INPUT FOR THIS TASK: Begin

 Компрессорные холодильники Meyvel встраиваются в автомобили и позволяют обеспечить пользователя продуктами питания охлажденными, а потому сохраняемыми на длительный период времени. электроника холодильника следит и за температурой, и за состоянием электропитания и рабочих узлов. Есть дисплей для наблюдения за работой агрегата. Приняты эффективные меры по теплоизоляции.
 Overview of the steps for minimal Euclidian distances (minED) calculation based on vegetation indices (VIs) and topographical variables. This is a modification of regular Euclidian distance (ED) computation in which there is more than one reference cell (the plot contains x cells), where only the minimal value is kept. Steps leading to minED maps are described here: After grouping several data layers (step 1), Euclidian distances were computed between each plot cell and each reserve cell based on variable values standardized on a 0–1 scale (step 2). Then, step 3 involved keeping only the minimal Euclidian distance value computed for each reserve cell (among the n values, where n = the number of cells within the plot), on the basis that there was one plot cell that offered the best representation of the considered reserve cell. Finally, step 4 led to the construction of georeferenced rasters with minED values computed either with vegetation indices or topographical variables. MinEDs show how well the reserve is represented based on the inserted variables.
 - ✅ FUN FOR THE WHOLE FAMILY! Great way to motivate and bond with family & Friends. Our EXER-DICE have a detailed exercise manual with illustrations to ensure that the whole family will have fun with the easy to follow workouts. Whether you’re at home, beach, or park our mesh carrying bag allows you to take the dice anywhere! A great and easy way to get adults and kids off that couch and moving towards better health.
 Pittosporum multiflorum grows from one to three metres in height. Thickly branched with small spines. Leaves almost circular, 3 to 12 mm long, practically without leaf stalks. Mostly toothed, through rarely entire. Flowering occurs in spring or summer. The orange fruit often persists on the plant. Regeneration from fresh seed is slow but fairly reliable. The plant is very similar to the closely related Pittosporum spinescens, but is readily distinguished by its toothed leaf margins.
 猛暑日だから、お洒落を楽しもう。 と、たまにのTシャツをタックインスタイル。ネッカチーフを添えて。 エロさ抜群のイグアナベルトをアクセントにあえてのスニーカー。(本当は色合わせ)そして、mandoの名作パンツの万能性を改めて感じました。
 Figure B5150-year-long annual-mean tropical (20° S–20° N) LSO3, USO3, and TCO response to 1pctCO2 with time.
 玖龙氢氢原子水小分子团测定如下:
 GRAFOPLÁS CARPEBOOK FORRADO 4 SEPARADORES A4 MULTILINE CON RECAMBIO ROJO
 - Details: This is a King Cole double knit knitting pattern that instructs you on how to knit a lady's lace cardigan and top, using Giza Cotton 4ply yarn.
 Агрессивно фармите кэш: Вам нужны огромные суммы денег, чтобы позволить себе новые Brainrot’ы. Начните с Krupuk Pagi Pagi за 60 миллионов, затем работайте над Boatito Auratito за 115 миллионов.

INPUT FOR THIS TASK: End

● **THE TASK**:
Where the string "long" occurs in the data, return the whole line.

● **EXERCISE RESPONSE**:
 Pittosporum multiflorum grows from one to three metres in height. Thickly branched with small spines. Leaves almost circular, 3 to 12 mm long, practically without leaf stalks. Mostly toothed, through rarely entire. Flowering occurs in spring or summer. The orange fruit often persists on the plant. Regeneration from fresh seed is slow but fairly reliable. The plant is very similar to the closely related Pittosporum spinescens, but is readily distinguished by its toothed leaf margins.
 Figure B5150-year-long annual-mean tropical (20° S–20° N) LSO3, USO3, and TCO response to 1pctCO2 with time.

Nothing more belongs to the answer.